*** RECORDED INFORMATION ***
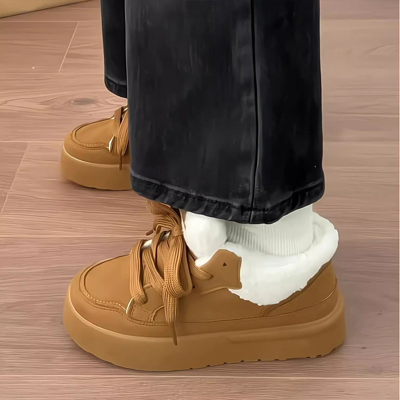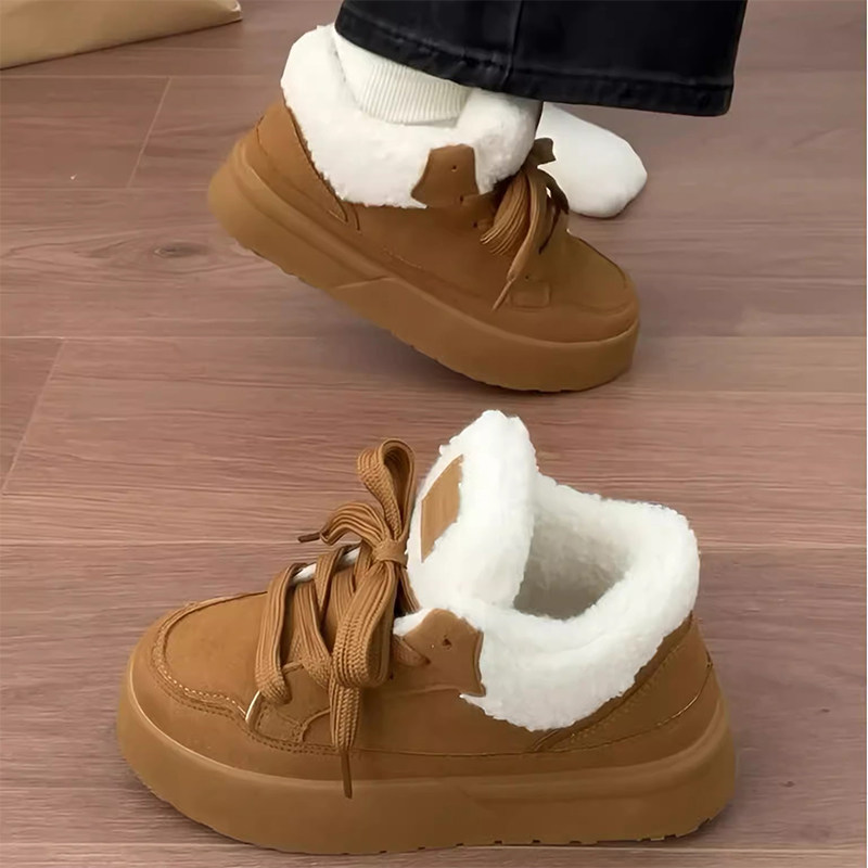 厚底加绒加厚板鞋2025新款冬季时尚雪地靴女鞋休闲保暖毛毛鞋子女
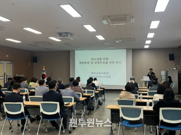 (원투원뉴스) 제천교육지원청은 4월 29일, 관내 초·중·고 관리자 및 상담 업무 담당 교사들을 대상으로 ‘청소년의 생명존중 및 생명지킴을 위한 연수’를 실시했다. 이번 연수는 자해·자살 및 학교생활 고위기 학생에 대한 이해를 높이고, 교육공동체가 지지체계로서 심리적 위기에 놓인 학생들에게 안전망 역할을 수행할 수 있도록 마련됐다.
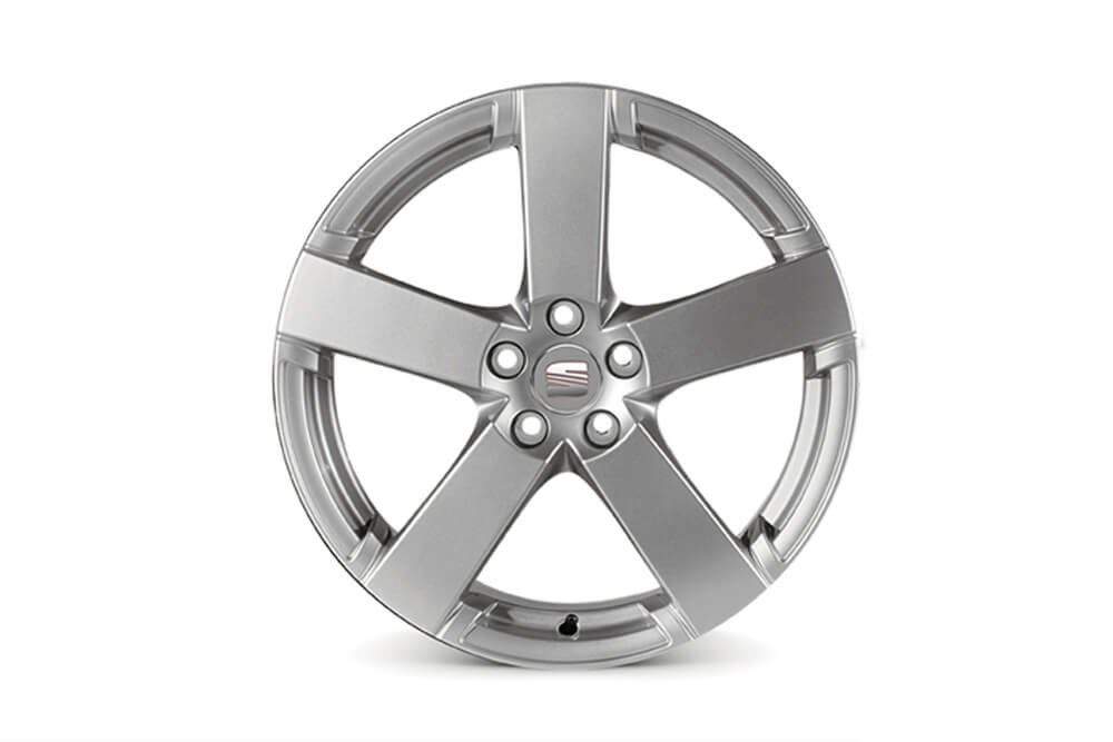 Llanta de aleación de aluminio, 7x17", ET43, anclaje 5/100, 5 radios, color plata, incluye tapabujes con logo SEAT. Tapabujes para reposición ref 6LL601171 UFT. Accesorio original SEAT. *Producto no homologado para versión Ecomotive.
*** End of RECORDED INFORMATION ***
- PROBLEM TO WORK ON: The reply must consist of the complete listing, reproduced exactly, with no images.

- WORKED SOLUTION:
 厚底加绒加厚板鞋2025新款冬季时尚雪地靴女鞋休闲保暖毛毛鞋子女
 (원투원뉴스) 제천교육지원청은 4월 29일, 관내 초·중·고 관리자 및 상담 업무 담당 교사들을 대상으로 ‘청소년의 생명존중 및 생명지킴을 위한 연수’를 실시했다. 이번 연수는 자해·자살 및 학교생활 고위기 학생에 대한 이해를 높이고, 교육공동체가 지지체계로서 심리적 위기에 놓인 학생들에게 안전망 역할을 수행할 수 있도록 마련됐다.
 Llanta de aleación de aluminio, 7x17", ET43, anclaje 5/100, 5 radios, color plata, incluye tapabujes con logo SEAT. Tapabujes para reposición ref 6LL601171 UFT. Accesorio original SEAT. *Producto no homologado para versión Ecomotive.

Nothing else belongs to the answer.